Back in the Hierarchy with the Player object selected, drag the Triple Shot prefab into the Triple Shot Prefab slot in the script’s component. Play the game, turn on Triple Shot Active and use the Triple Shot against your enemies. Notice the lasers are instantiating from the positions we set the Laser objects to shoot from.
Next, we need to create the Triple Shot Powerup by dragging its sprite into the Hierarchy or Scene. Scale down its size to an appropriate size according to the other ships in the game size. Add a 2D Box Collider and Rigidbody to the sprite allowing it to use Unity engine’s 2D Physics system.
Inside the Box Collider 2D, adjust the collider’s size around the powerup object using Edit Collider and turn on Is Trigger. Inside the Rigidbody 2D, set Gravity Scale to zero as we don’t want gravity used on the powerup.
Rename this sprite game object to Triple_Shot_PowerUp, and place it into the Prefabs folder making this a prefab. Now create a new C# script name PowerUps, attach it to the Triple Shot PowerUp prefab, and open it.
Before we write code for our powerup, I want to show some of the features that can be used with the Unity Physics engine through the Rigidbody properties.
First, we’re going to set the Mass on the Triple Shot PowerUp to 2 and Gravity Scale to 1. This will make it heavier than the Enemy ships which are set to 1, and drop the powerup onto the Enemy with gravity applied. Second, turn off Is Trigger on both of theirs Box Colliders as we want the 2 objects to collide and not go through each other. Third, press Play and watch the Triple Shot PowerUp knock the Enemy object into a rotation offscreen.
If we want it to stop rotating, using the Constraints properties turn on the Freeze Rotation on the Z-axis. It has an Angular Drag preset to 0.05 that will effect its rotational movement, but let’s set the Linear Drag to 0.05 as well to effect its positional movement. Notice that the Enemy ship’s motion has slowed down because of the damping effects from the values assigned. The higher the values, the more the object will slow down even with Gravity applied. If you set the Drags to zero, there will be no damping applied.
We will use the default Dynamic Body Type which is designed to move under simulation with a full set of properties available to it such as finite mass and drag which is also affected by gravity and forces. A Dynamic body will collide with every other body type and is the most interactive of the body types. This is the default body type for a Rigidbody because it is the most common body type for things that need to move, and is the most expensive performance of the body types. Collision Detection’s default is set to Discrete which allow game objects with Rigidbody 2D and Collider 2D to overlap or pass through each other during a physics update if they are moving fast enough. Kinematic Body Type is designed to move under simulation as well, but only under very explicit user control. While a Dynamic Rigidbodies are affected by gravity and forces, Kinematic Rigidbodies aren’t.
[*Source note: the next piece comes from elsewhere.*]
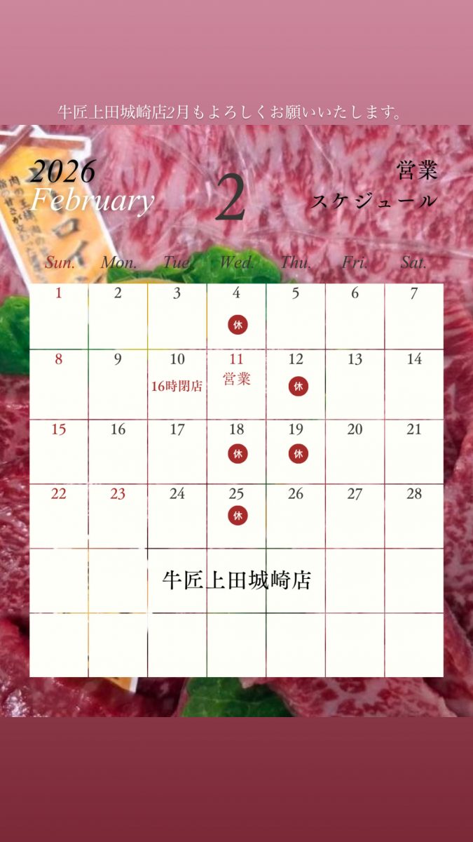 2月になりました。 P 2026年2月1日 , by gyusho K お知らせ あっという間に2月です。 水曜日定休の牛匠上田城崎店ですが、11日(水)は営業します。 美味しい但馬玄をお届けします。 2月もよろしくお願いいたします🙇♀️ #但馬玄 #牛匠上田城崎店 #上田畜産 #お届けしたいのは本物です

For this reason, it’s fast and has a lower demand on system resources than a Dynamic Rigidbody. Kinematic Rigidbodies can still move using its velocity, but the velocity will not be affected by forces or gravity. A Static Rigidbody is designed to not move under simulation at all. If anything collides with it, a Static Rigidbody behaves like an immovable object as though it has infinite mass.
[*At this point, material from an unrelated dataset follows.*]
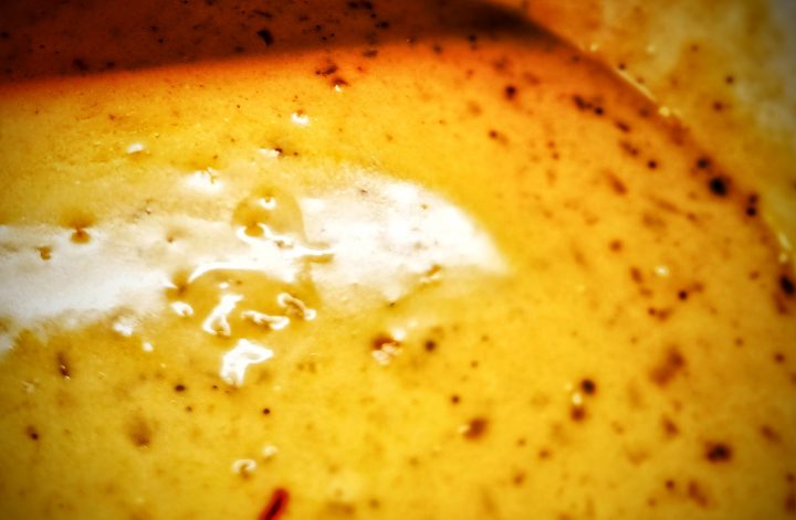 - Währenddessen die Hühnerbrühe in die Pfanne geben und 5 Minuten reduzieren.

These Rigidbody properties are great to use without having to code and get great effects added onto your game objects from Unity’s Physics system. If you do decide to use code for your physics movements, it’s highly recommended to use the properties and methods assigned to the Rigidbody component. We will be using the preset property values assigned to a Rigidbody component with the Enemies and PowerUp. As we’re keeping these game objects movements simple for now, we can use simple code to control the objects movements.